## What you will do
Should a picture appear anywhere in the data, omit it and copy everything else exactly.
---------- Dataset section ----------
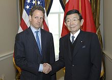 In the leadership election, held on September 22, 2008, Tarō Asō was elected with 351 of the 527 votes, while Yosano trailed in second place with 66 votes.[5] In Aso's Cabinet, appointed on 24 September 2008, Yosano retained his post as Minister of Economic and Fiscal Policy.[6] On February 18, 2009, With the resignation of Shoichi Nakagawa on the case of the G7 conference, he took office as Minister of Finance and Minister in charge of financial services.
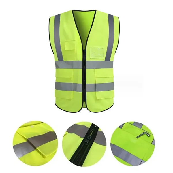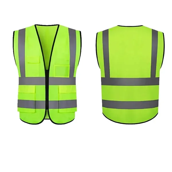 This high-visibility vest, crafted from 100% polyester reflective material, is machine washable and designed to ensure night-time visibility for safety. It features two vertical and two horizontal reflective strips, each 2" wide, on both the front and back, maximizing visibility in various weather and lighting conditions. Offering comprehensive protection, it#039;s ideal for use in construction, baggage handling, security, traffic control, surveying, landscaping, paving, railroad, and sanitation environments.
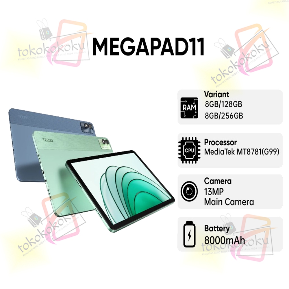 Tecno Megapad 11 Wifi+LTE ( SimCard Jaringan) Tablet Mega Pad MediaTek Helio G99 | Tab 11" 90Hz FHD+ | Tablet Layar 11 inch - Garansi Resmi
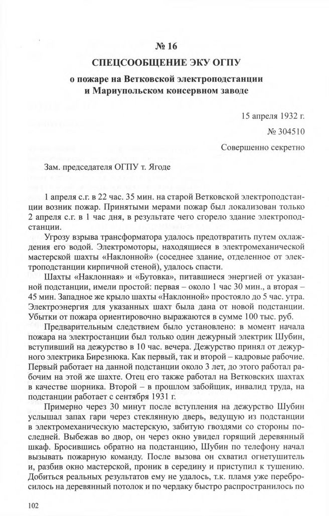Спецсообщение ЭКУ ОГПУ о пожаре на Ветковской электроподстанции и Мариупольском консервном заводе. 15 апреля 1932 г.
----------
## Exercise response
 In the leadership election, held on September 22, 2008, Tarō Asō was elected with 351 of the 527 votes, while Yosano trailed in second place with 66 votes.[5] In Aso's Cabinet, appointed on 24 September 2008, Yosano retained his post as Minister of Economic and Fiscal Policy.[6] On February 18, 2009, With the resignation of Shoichi Nakagawa on the case of the G7 conference, he took office as Minister of Finance and Minister in charge of financial services.
 This high-visibility vest, crafted from 100% polyester reflective material, is machine washable and designed to ensure night-time visibility for safety. It features two vertical and two horizontal reflective strips, each 2" wide, on both the front and back, maximizing visibility in various weather and lighting conditions. Offering comprehensive protection, it#039;s ideal for use in construction, baggage handling, security, traffic control, surveying, landscaping, paving, railroad, and sanitation environments.
 Tecno Megapad 11 Wifi+LTE ( SimCard Jaringan) Tablet Mega Pad MediaTek Helio G99 | Tab 11" 90Hz FHD+ | Tablet Layar 11 inch - Garansi Resmi
Спецсообщение ЭКУ ОГПУ о пожаре на Ветковской электроподстанции и Мариупольском консервном заводе. 15 апреля 1932 г.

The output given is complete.